↓

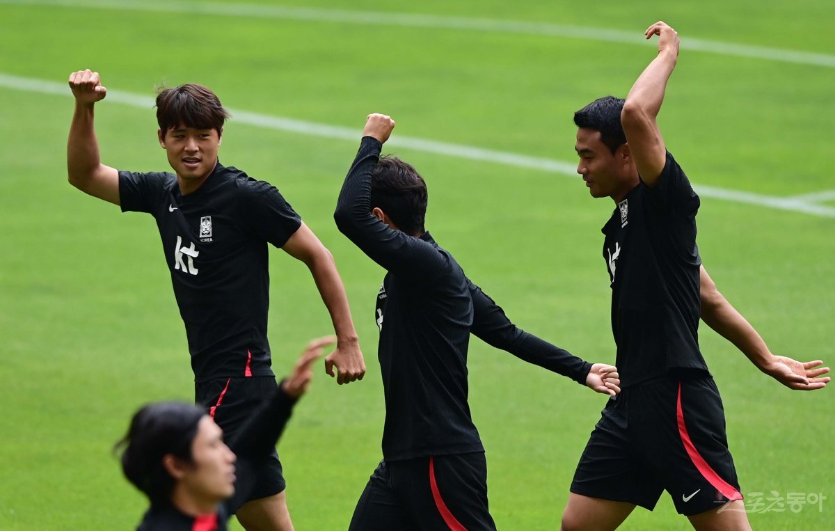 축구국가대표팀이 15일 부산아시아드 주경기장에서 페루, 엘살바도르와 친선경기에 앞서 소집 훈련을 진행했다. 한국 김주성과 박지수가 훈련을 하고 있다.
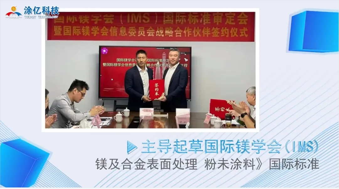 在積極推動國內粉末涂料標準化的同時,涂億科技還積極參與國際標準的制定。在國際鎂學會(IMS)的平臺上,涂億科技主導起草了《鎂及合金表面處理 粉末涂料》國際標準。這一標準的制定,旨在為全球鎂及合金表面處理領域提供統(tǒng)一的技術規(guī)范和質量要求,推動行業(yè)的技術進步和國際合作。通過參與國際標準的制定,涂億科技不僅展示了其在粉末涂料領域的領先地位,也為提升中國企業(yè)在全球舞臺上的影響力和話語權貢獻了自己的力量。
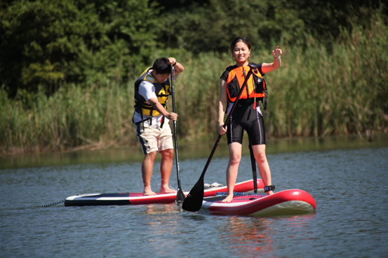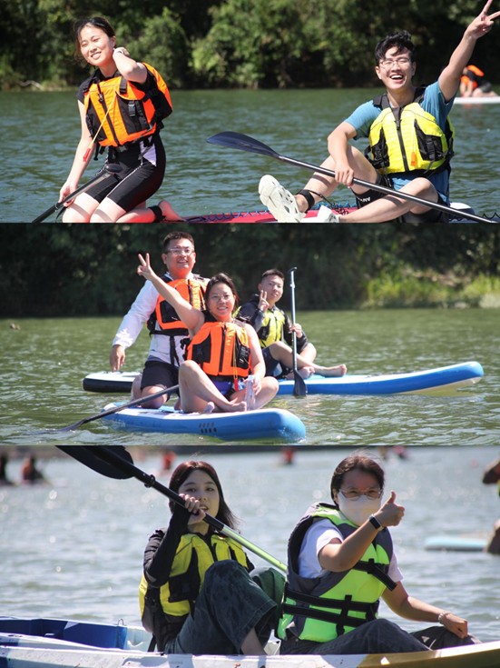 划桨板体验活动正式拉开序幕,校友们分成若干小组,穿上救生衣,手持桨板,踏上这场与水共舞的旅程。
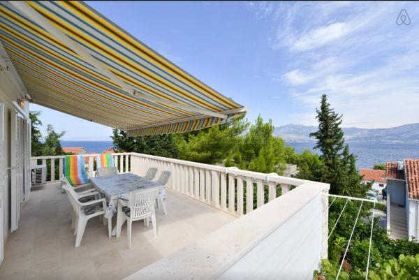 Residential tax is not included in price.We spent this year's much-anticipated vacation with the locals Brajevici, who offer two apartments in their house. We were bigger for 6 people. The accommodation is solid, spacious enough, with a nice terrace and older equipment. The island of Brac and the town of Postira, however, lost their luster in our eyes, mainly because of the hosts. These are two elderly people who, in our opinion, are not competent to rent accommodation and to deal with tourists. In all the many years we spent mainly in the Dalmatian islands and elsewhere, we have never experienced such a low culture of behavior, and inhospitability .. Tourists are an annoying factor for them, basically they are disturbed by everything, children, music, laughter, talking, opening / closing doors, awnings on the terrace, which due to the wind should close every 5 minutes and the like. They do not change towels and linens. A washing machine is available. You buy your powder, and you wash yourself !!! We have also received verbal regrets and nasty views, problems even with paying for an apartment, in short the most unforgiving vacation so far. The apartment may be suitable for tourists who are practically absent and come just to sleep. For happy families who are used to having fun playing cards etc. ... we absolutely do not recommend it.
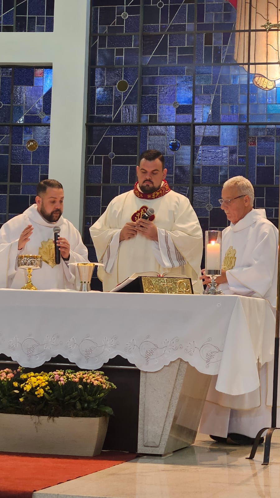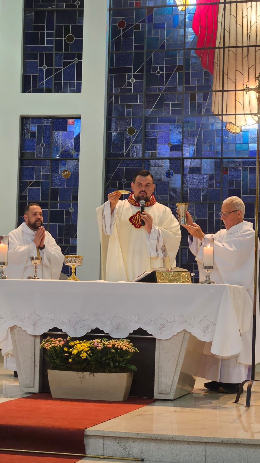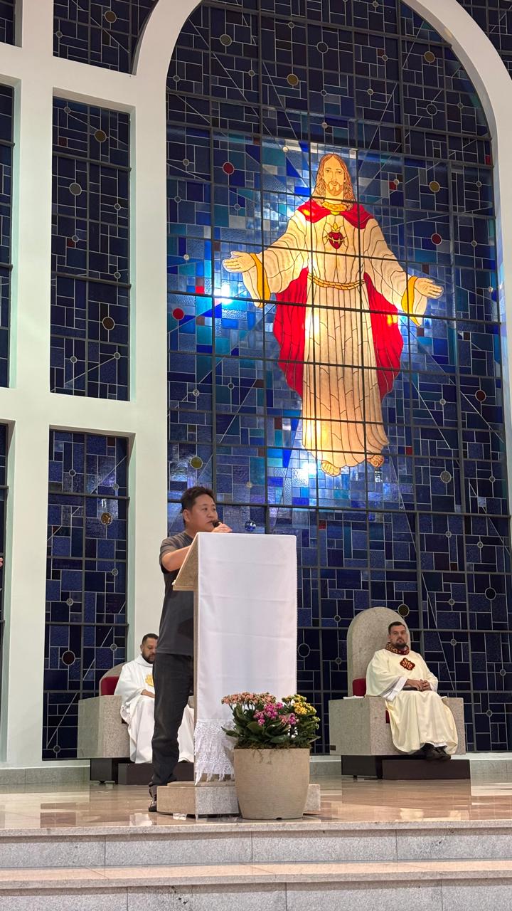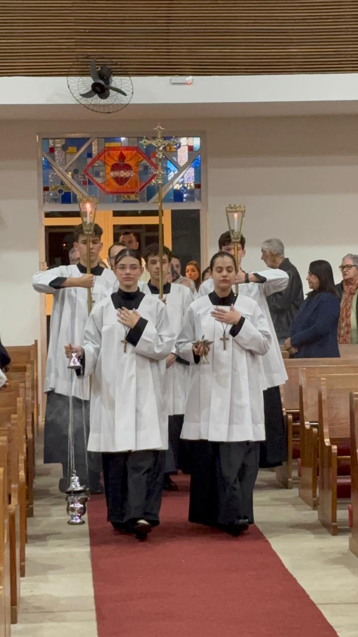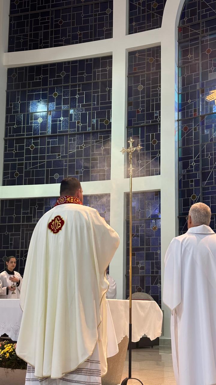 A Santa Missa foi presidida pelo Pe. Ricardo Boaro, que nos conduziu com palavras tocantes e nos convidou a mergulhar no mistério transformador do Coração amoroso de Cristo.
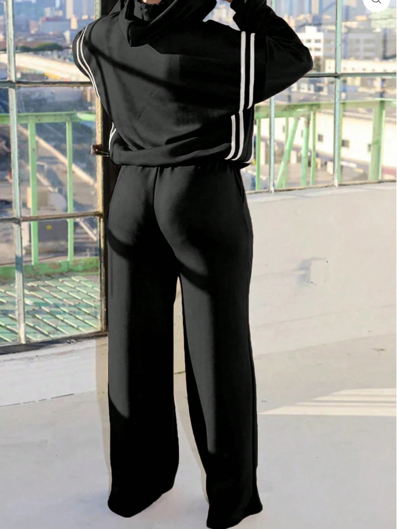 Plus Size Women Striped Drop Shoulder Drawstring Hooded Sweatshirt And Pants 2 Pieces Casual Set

↑

(EXERCISE GOAL):
For this exercise, transcribe the entries verbatim and skip all pictures.

(WRITTEN RESPONSE):
 축구국가대표팀이 15일 부산아시아드 주경기장에서 페루, 엘살바도르와 친선경기에 앞서 소집 훈련을 진행했다. 한국 김주성과 박지수가 훈련을 하고 있다.
 在積極推動國內粉末涂料標準化的同時,涂億科技還積極參與國際標準的制定。在國際鎂學會(IMS)的平臺上,涂億科技主導起草了《鎂及合金表面處理 粉末涂料》國際標準。這一標準的制定,旨在為全球鎂及合金表面處理領域提供統(tǒng)一的技術規(guī)范和質量要求,推動行業(yè)的技術進步和國際合作。通過參與國際標準的制定,涂億科技不僅展示了其在粉末涂料領域的領先地位,也為提升中國企業(yè)在全球舞臺上的影響力和話語權貢獻了自己的力量。
 划桨板体验活动正式拉开序幕,校友们分成若干小组,穿上救生衣,手持桨板,踏上这场与水共舞的旅程。
 Residential tax is not included in price.We spent this year's much-anticipated vacation with the locals Brajevici, who offer two apartments in their house. We were bigger for 6 people. The accommodation is solid, spacious enough, with a nice terrace and older equipment. The island of Brac and the town of Postira, however, lost their luster in our eyes, mainly because of the hosts. These are two elderly people who, in our opinion, are not competent to rent accommodation and to deal with tourists. In all the many years we spent mainly in the Dalmatian islands and elsewhere, we have never experienced such a low culture of behavior, and inhospitability .. Tourists are an annoying factor for them, basically they are disturbed by everything, children, music, laughter, talking, opening / closing doors, awnings on the terrace, which due to the wind should close every 5 minutes and the like. They do not change towels and linens. A washing machine is available. You buy your powder, and you wash yourself !!! We have also received verbal regrets and nasty views, problems even with paying for an apartment, in short the most unforgiving vacation so far. The apartment may be suitable for tourists who are practically absent and come just to sleep. For happy families who are used to having fun playing cards etc. ... we absolutely do not recommend it.
 A Santa Missa foi presidida pelo Pe. Ricardo Boaro, que nos conduziu com palavras tocantes e nos convidou a mergulhar no mistério transformador do Coração amoroso de Cristo.
 Plus Size Women Striped Drop Shoulder Drawstring Hooded Sweatshirt And Pants 2 Pieces Casual Set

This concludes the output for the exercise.